To hear Curt talk, it certainly sounded as if there were imperfections with Bailey. That sweet child with the long hair that curled up in little wispy waves at the very ends. The one who sucked on her index and middle fingers so much that she talked with a lisp until she was eight. So adorable, with those big brown eyes and the freckles across her nose. So deep, those eyes. Jean had always felt as if another child were lurking somewhere beneath—another child that nobody would ever truly understand or know.

“What happened, Laura?” Jean whispered, and at the sound of her voice, Laura stirred, chewing out a garbled sentence that made Jean worry that she’d awakened her.
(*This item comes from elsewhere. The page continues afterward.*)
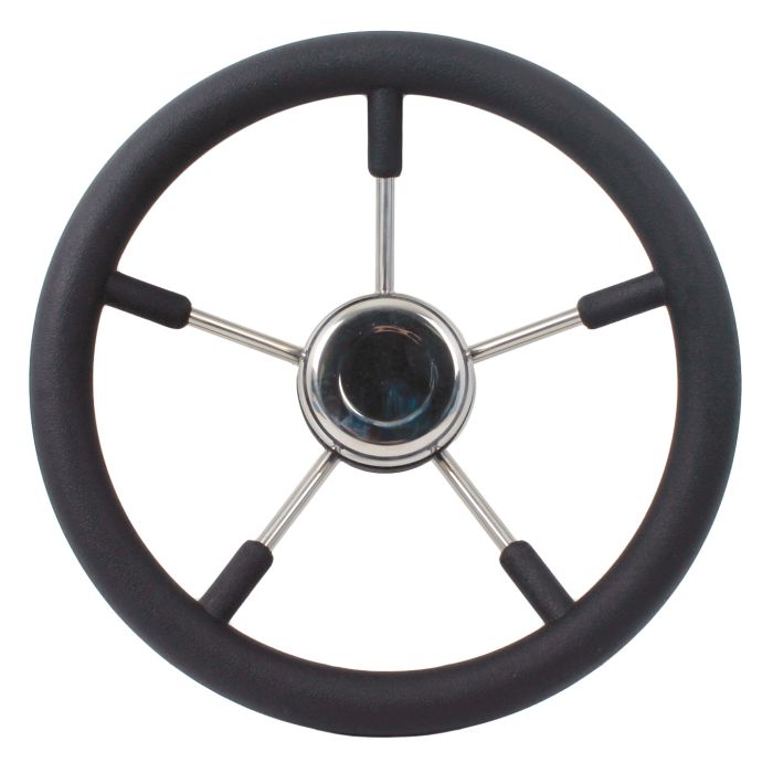 Black 330 millimetre diameter marine steering wheel
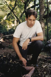 Als im Wald eine Leiche gefunden wird, werden Mulder (David Duchovny, l.) und Scully (Gillian Anderson, r.) hinzugezogen, nachdem zwei Junkies behauptet haben, ein echsenartiges Monster gesehen zu haben.

She backed away from the bed and left the room, unsure of what to do next. Stay here? Go find a hotel? Turn around and go home? Curt hadn’t made it exactly clear what he’d brought her here for.

She walked a ways down the hall and happened upon a small cut-in that housed half a dozen chairs and a silent but running TV. Curt was slouched in one, a bottle of water in one hand, his other hand holding his forehead. His elbow was propped on the arm of the chair so his face was tipped downward. A man in a pastel pink sweater and khakis sat in a chair across from Curt, leaning over so that his elbows rested on his knees. He was saying something in a low voice, and Curt was nodding. When Jean paused in the doorway, the man stopped talking and looked up at her.